Добавить в цитаты Настройки чтения

Страница 6 из 20

Сегодня многие моральные философы солидарны с либеральными экономистами в том, что и те и другие рассматривают государственные границы как незначимые (irrelevant) – если не в описании, то, конечно же, в предписании. Вот мнение Питера Сингера:

Если та группа, под которую мы должны подстраиваться, есть племя или нация, то наши нравственные принципы, вероятно, будут племенными или националистическими (nationalistic). Но если революция в области коммуникаций создала общемировую аудиторию, то нам, пожалуй, нужно подстраивать наше поведение под мир в целом. Данное изменение создает материальную основу для новой этики, которая будет служить интересам всех тех, кто живет на этой планете по-новому – так, как не обеспечила ни одна прежняя этика (несмотря на многочисленную риторику)23.

А вот что говорит Амартия Сен:

Своеобразная идейная тирания заметна в трактовке политических границ государств (в первую очередь национальных государств) в качестве в каком‐то смысле фундаментальных, словно бы это не практические ограничения, с которыми приходится считаться, а разделения, основополагающие для этики и политической философии24.

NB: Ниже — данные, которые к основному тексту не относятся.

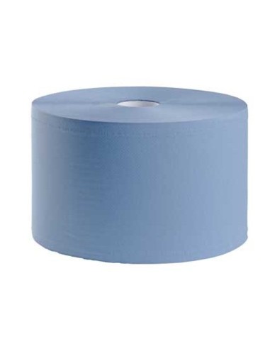 Bobina Industrial Azul Lisa 2H 23/450 MTS, una solución de limpieza de alto rendimiento diseñada para entornos profesionales y almacenes. Su papel Tisú Reciclado de doble capa (2H) asegura una excelente absorción de líquidos, grasas y aceites, siendo una herramienta indispensable para el mantenimiento de la higiene.
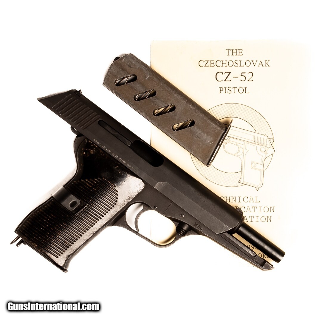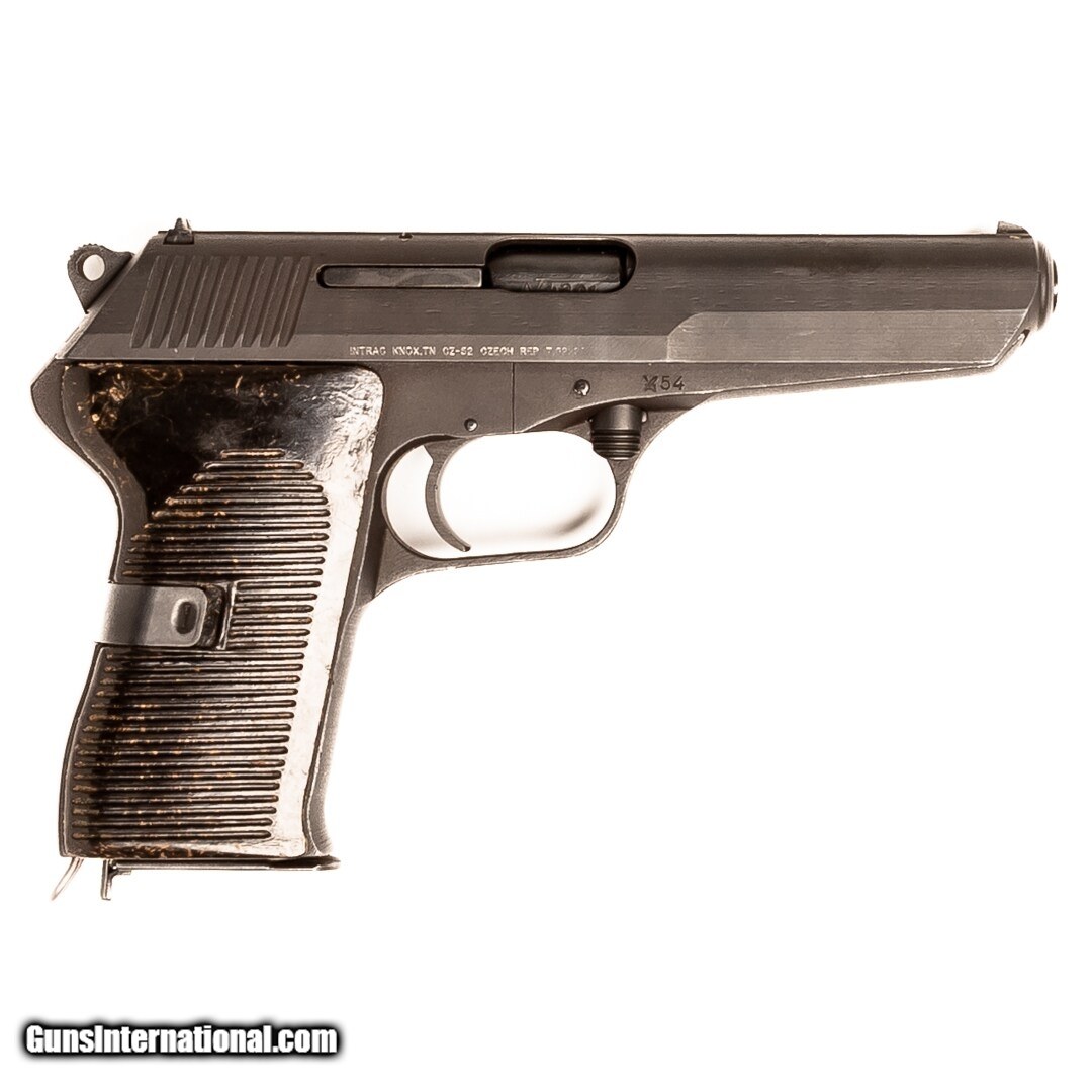 Description: Guns Listing ID: 850948 The CZ 52 is a military surplus handgun chambered in the Soviet 7.62X25mm pistol cartridge. They are very solid pistols, but became quickly outdated as the Cold War went on. This is a great range gun and collector piece for those interest in Soviet or Cold War era firearms. This handgun features two 8-round magazines and a manual. Get the best bang for your buck when you get a Certified Used Firearm . When you see the Certified Used stamp on any of our firearms, you can be confident that you’re getting exactly what you want – a gun only in very good to excellent condition and held to the highest quality standard. All Certified Used Guns come with a ‘no questions asked’ return policy . PLUS, ALL CERTIFIED USED GUNS SHIP FREE! SOLD Manufacturer: CZ Model: 52 Caliber Info: 7.62X25MM TOKAREV Condition: Used - Certified Barrels: 4.5 BARREL Finish: BLACK |
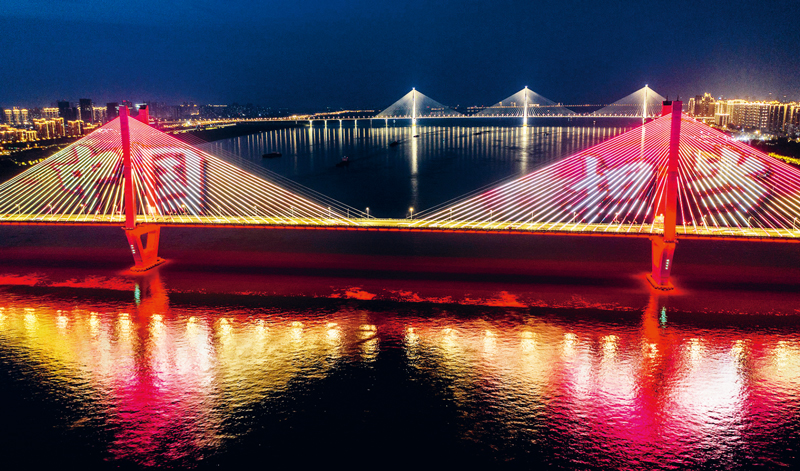 在抗擊新冠肺炎疫情的斗爭(zhēng)中,中國(guó)人民萬眾一心、眾志成城,凝聚起強(qiáng)大合力,展現(xiàn)了中國(guó)力量、中國(guó)精神、中國(guó)效率。圖為2020年5月2日晚,湖北武漢長(zhǎng)江二橋燈光秀打出的“中國(guó)擔(dān)當(dāng)”畫面。 中新社發(fā) 趙廣亮/攝
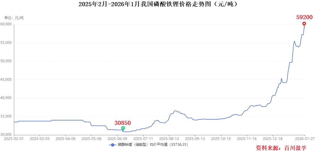到了2026年1月27日,每吨价格突破5.9万元,几乎实现翻倍;截至3月中旬,磷酸铁锂价格还能维持在5.62万元/吨。
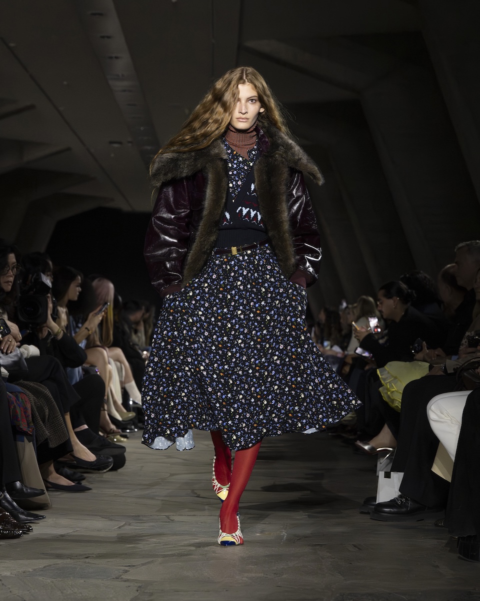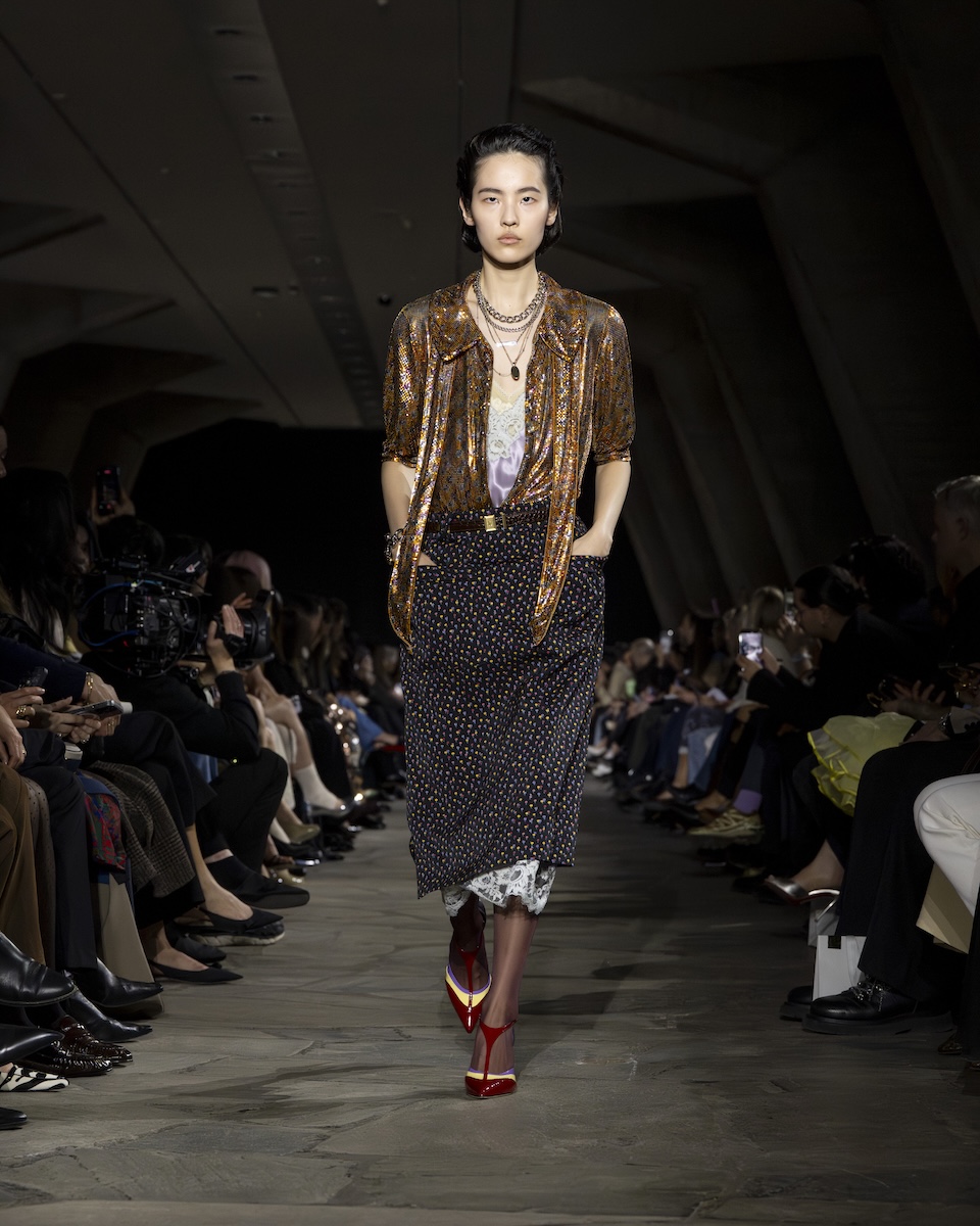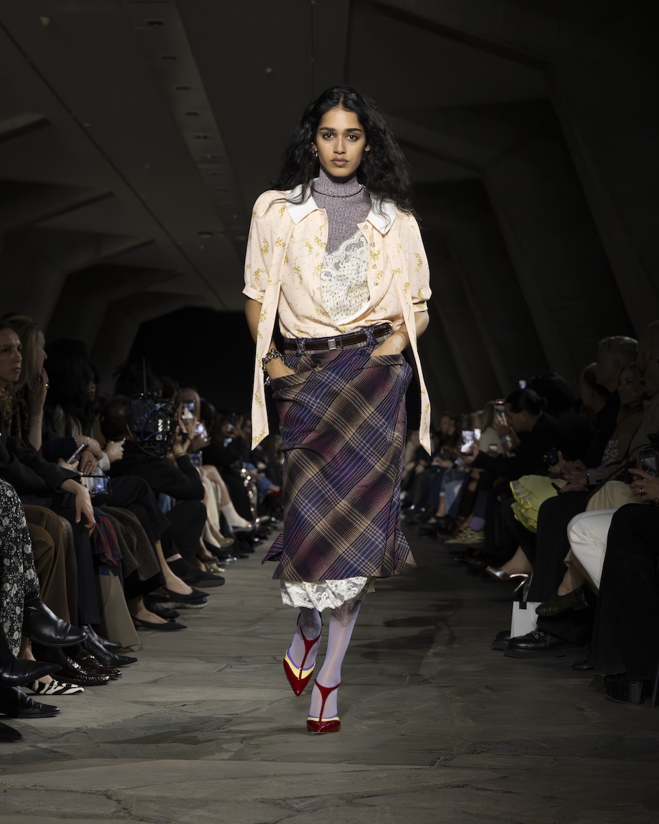 ショーは、レトロなプリントを施した控えめなパフスリーブのブラウスと1940年代風のティードレスを重ねたルックからスタート。その後も、フェアアイル柄のハーフジップセーターの上にセンシュアルなドレスをコーディネートしたり、タートルネックセーターとレーストリムのキャミソール、ボウタイ付きブラウス、チェックのミディスカートを組み合わせたりと、レイヤードを軸にした自由なスタイリングが光ります。
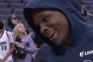 谈到本场赛后将自己的球衣送给球迷,他说:"这对我来说意义重大,因为当年KD代表雷霆来亚特兰大(爱德华兹家乡)比赛时,我也曾是看台上的小孩。我总是希望能得到一件球衣,但每次都坐在山顶位
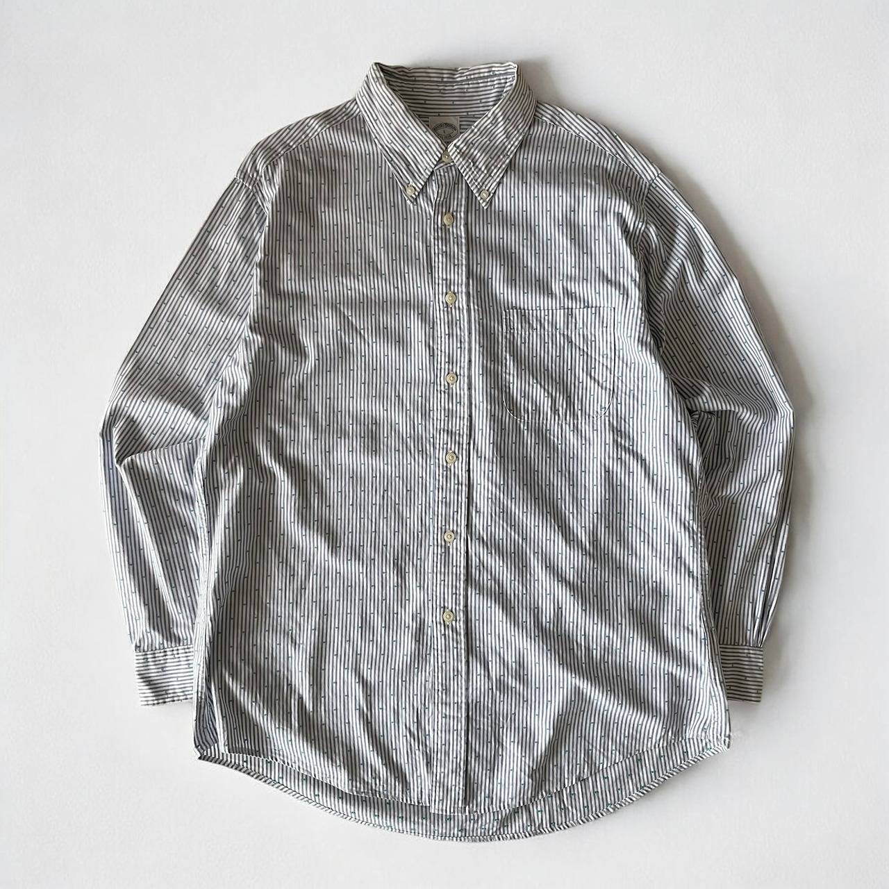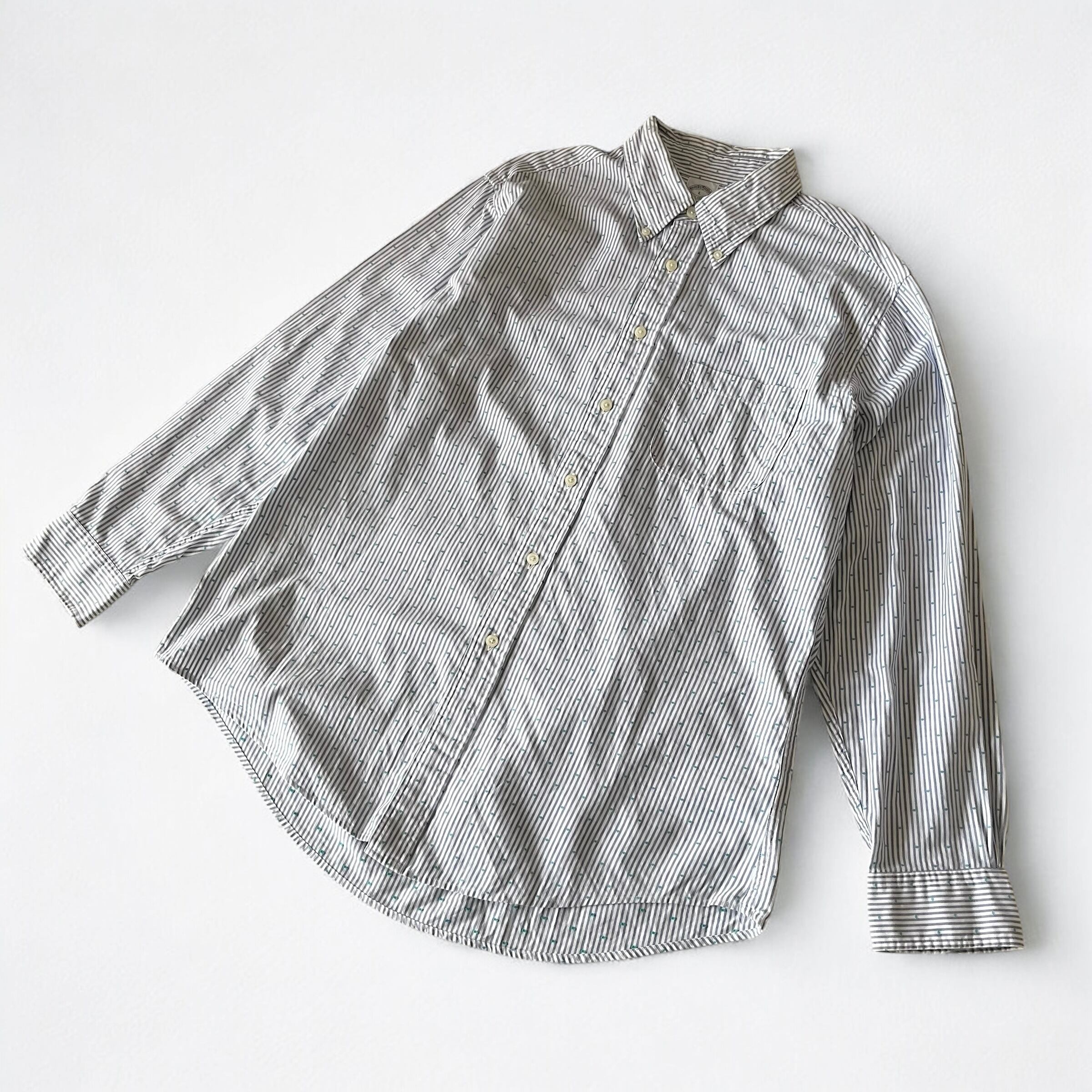 ストライプに刺繍ドット柄のオックスフォードシャツ
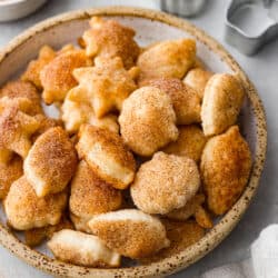 Turn leftover pie crust into perfect buttery and flakey pie crust cookies. Roll and shape using fun cookie cutters then simply sprinkle with sweet cinnamon and sugar.
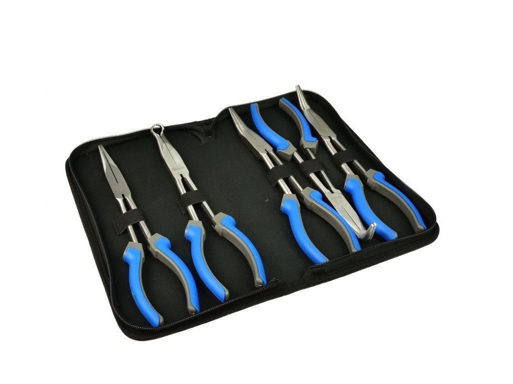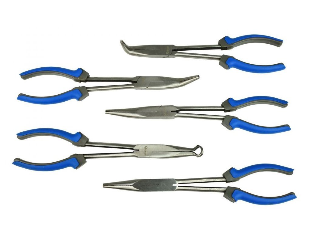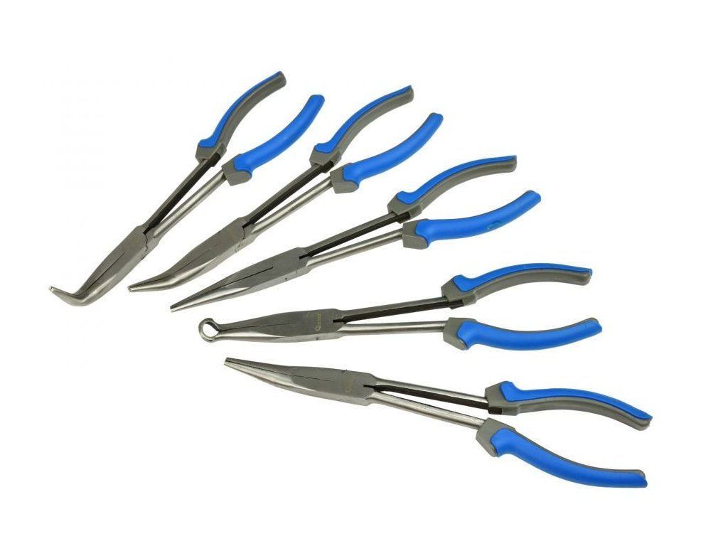 Sada pěti kusů dlouhých kleští, rovných, zahnutých a kulatých pro různorodé využití. Vyrobeno z CrV oceli, rukojeť je vyrobena z odolného plastu, navíc potažena vrstvou protiskluzové pryže zajišťující pevný a pohodlný úchop.

Сен и Сингер рассматривают государственные границы как некую помеху – практическую преграду, которую можно и нужно преодолевать по мере того, как мир становится более взаимосвязанным благодаря торговле и развитию коммуникаций.

Между прочим, экономисты пренебрежительно относятся к национальному государству, потому что оно является источником транзакционных издержек, которые препятствуют более полной глобальной экономической интеграции. При этом дело не только в том, что государства вводят импортные тарифы, ограничения на движение капитала, визы и другие ограничительные меры на своих границах, препятствующие всемирному круговороту товаров, денег и людей. Если смотреть глубже, дело в том, что множественность суверенных источников права создает правовую неоднородность различных юрисдикций (jurisdictional discontinuities) и связанные с ней транзакционные издержки. Различия валют, правовых режимов и регуляторной практики сегодня являются главными препятствиями для единения мировой экономики. В то время как явные торговые барьеры утратили свою значимость, относительная важность подобных транзакционных издержек возросла. Ныне импортные тарифы составляют крошечную долю общих издержек ведения торговли. По мнению Джеймса Андерсона и Эрика ван Винкопа, для развитых стран эти издержки составляют чудовищные 170% (в адвалорном исчислении) – на порядок выше, чем импортные тарифы как таковые25.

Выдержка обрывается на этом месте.